In line with these results, Uwimana et al. conducted a scoping review of AI and ML applications in breast cancer clinical care, emphasizing their synergy with medical imaging in improving diagnostic accuracy, reducing false positives, and enabling personalized treatment strategies [32]. Complementing these insights, Jung et al. validated an artificial neural network-based diagnostic system for prostate biopsy interpretation, demonstrating expert-level accuracy in cancer detection and grading, and outperforming original pathology reports in concordance with reference Gleason scores and grade groups [33].
The application of AI in forensic IHC presents unique challenges and opportunities. Unlike clinical pathology, forensic cases often involve degraded or autolyzed tissues, variable fixation protocols, and complex medico-legal contexts. The markers used are critical for determining wound vitality, hypoxia, inflammation, and the cause of death. Accurate interpretation of these markers can influence legal outcomes, making consistency and reproducibility essential.
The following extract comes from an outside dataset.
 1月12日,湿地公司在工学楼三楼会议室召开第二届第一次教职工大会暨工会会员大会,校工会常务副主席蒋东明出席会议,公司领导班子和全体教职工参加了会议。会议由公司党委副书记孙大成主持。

Recent systematic reviews have highlighted that AI applications in forensic pathology can achieve high accuracy across diverse domains, including 87.99–98% accuracy in gunshot wound classification, precision scores of 0.9 and recall scores of 0.95 in diatom testing for drowning cases, and up to 90% accuracy in microbiome-based individual identification and geographic origin determination [19,20,34,35]. These results underscore the capacity of AI to process complex forensic evidence and support objective decision-making in legally sensitive contexts. The AI model’s ability to classify images based on these markers suggests that, with further refinement, such systems could support forensic pathologists in routine and complex cases. In line with recent evidence, AI should be considered an enhancement rather than a replacement for human expertise, with future development focusing on larger forensic datasets, specialized models for specific applications, and improved interpretability to meet legal admissibility standards. Integrating AI into these workflows could enhance diagnostic precision and reduce inter-observer variability [36,37,38].
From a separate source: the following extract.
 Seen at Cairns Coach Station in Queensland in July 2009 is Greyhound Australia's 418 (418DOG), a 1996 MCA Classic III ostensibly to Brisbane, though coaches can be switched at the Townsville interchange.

4.1. Strengths and Limitations

One of the key strengths of the AI model was its speed and consistency. The system evaluated 75 images in a fraction of the time required by human pathologists, without fatigue or bias. This efficiency could be particularly valuable in high-volume forensic laboratories or in settings with limited access to specialized expertise.
However, the model also exhibited notable limitations. It lacked interpretative reasoning and contextual awareness, providing classifications without explaining the rationale behind its decisions. This “black box” nature of AI raises concerns about transparency and trust, especially in legal contexts where expert testimony must be justified and reproducible.
Moreover, the study was limited by its sample size and dataset homogeneity. All images were sourced from a single institution, potentially introducing bias related to staining protocols and image acquisition. Future studies should incorporate multi-center datasets and a broader range of tissue types and markers to improve generalizability.
Finally, this study is exploratory and does not meet RCPath criteria for staged validation or external benchmarking. Future work will incorporate multi-center datasets, independent validation, and compliance with RCPath recommendations for transparency, auditability, and medico-legal accountability.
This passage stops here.